Exercise material:
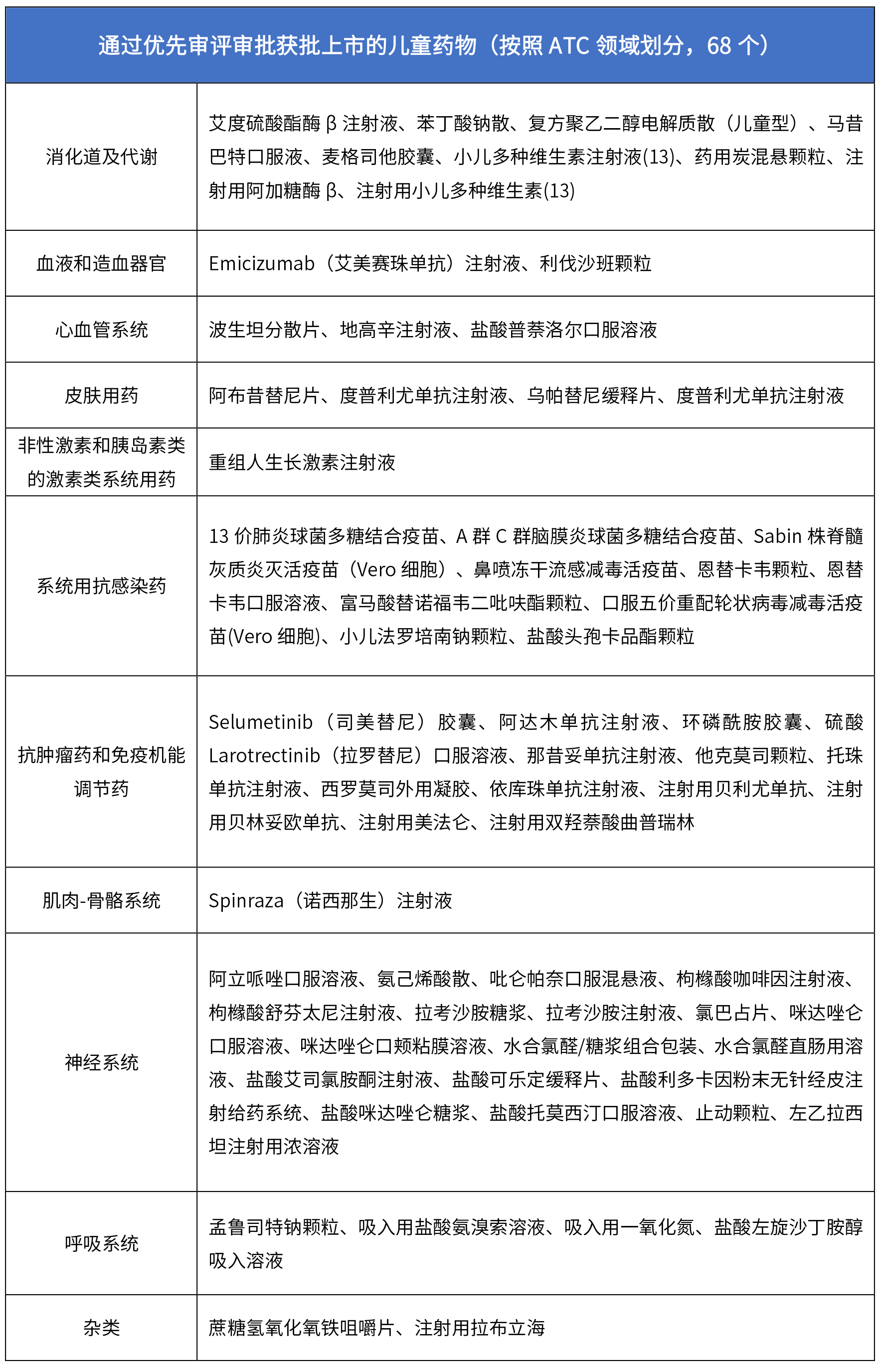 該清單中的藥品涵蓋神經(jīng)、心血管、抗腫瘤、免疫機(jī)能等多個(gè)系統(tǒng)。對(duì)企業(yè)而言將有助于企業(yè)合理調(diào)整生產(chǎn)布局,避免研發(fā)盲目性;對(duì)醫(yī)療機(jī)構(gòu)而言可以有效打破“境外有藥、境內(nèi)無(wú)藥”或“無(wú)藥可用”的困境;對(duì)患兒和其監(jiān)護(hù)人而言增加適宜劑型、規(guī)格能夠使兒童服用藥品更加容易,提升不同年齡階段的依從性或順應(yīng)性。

---

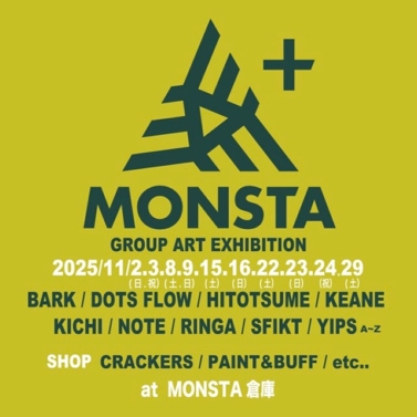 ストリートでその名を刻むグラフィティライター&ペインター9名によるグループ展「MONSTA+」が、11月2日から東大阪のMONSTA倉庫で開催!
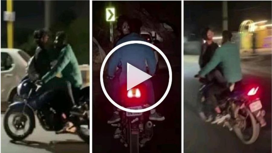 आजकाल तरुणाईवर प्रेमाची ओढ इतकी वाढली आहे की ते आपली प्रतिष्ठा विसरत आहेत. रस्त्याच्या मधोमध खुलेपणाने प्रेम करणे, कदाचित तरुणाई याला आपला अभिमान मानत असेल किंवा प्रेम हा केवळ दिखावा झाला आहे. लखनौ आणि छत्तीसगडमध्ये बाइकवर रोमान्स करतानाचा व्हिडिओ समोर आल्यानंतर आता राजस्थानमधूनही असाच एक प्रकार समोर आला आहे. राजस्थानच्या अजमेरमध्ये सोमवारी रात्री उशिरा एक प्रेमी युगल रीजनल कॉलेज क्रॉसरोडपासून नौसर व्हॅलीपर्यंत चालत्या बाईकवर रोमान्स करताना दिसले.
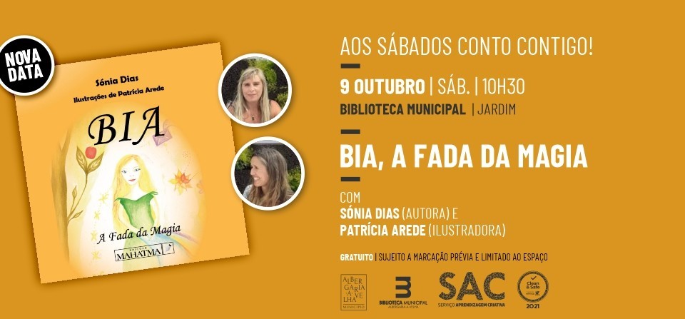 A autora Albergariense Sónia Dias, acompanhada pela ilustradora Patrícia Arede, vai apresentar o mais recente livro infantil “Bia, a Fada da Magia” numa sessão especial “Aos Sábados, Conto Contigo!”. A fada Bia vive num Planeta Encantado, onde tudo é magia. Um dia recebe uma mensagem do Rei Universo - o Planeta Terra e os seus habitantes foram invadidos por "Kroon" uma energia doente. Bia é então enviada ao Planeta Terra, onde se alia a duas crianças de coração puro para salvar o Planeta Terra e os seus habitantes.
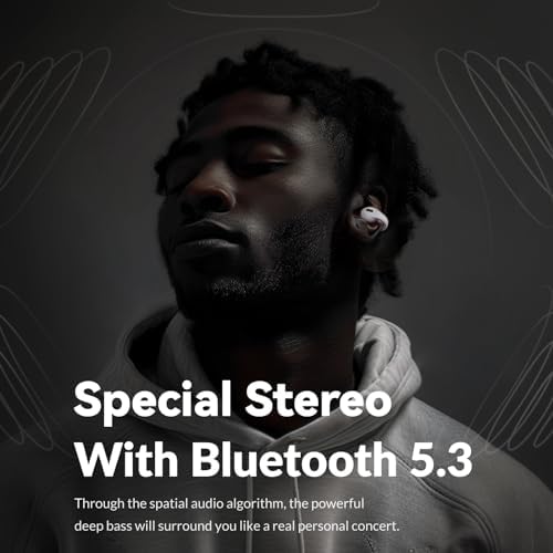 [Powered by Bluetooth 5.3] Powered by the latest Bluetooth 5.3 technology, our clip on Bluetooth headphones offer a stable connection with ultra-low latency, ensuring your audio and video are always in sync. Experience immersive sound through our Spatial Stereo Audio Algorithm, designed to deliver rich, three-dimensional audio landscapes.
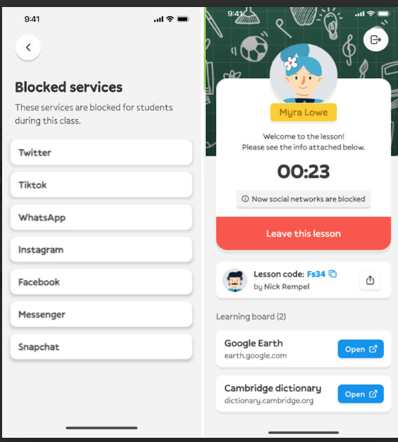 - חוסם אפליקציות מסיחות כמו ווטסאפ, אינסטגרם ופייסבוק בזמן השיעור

Exercise:
What you return from the records above should be exactly everything from the line with "ストリートでその名を刻むグラ" down to the line with "[Powered by Bluetooth", both kept, and no pictures.

Answer space:
 ストリートでその名を刻むグラフィティライター&ペインター9名によるグループ展「MONSTA+」が、11月2日から東大阪のMONSTA倉庫で開催!
 आजकाल तरुणाईवर प्रेमाची ओढ इतकी वाढली आहे की ते आपली प्रतिष्ठा विसरत आहेत. रस्त्याच्या मधोमध खुलेपणाने प्रेम करणे, कदाचित तरुणाई याला आपला अभिमान मानत असेल किंवा प्रेम हा केवळ दिखावा झाला आहे. लखनौ आणि छत्तीसगडमध्ये बाइकवर रोमान्स करतानाचा व्हिडिओ समोर आल्यानंतर आता राजस्थानमधूनही असाच एक प्रकार समोर आला आहे. राजस्थानच्या अजमेरमध्ये सोमवारी रात्री उशिरा एक प्रेमी युगल रीजनल कॉलेज क्रॉसरोडपासून नौसर व्हॅलीपर्यंत चालत्या बाईकवर रोमान्स करताना दिसले.
 A autora Albergariense Sónia Dias, acompanhada pela ilustradora Patrícia Arede, vai apresentar o mais recente livro infantil “Bia, a Fada da Magia” numa sessão especial “Aos Sábados, Conto Contigo!”. A fada Bia vive num Planeta Encantado, onde tudo é magia. Um dia recebe uma mensagem do Rei Universo - o Planeta Terra e os seus habitantes foram invadidos por "Kroon" uma energia doente. Bia é então enviada ao Planeta Terra, onde se alia a duas crianças de coração puro para salvar o Planeta Terra e os seus habitantes.
 [Powered by Bluetooth 5.3] Powered by the latest Bluetooth 5.3 technology, our clip on Bluetooth headphones offer a stable connection with ultra-low latency, ensuring your audio and video are always in sync. Experience immersive sound through our Spatial Stereo Audio Algorithm, designed to deliver rich, three-dimensional audio landscapes.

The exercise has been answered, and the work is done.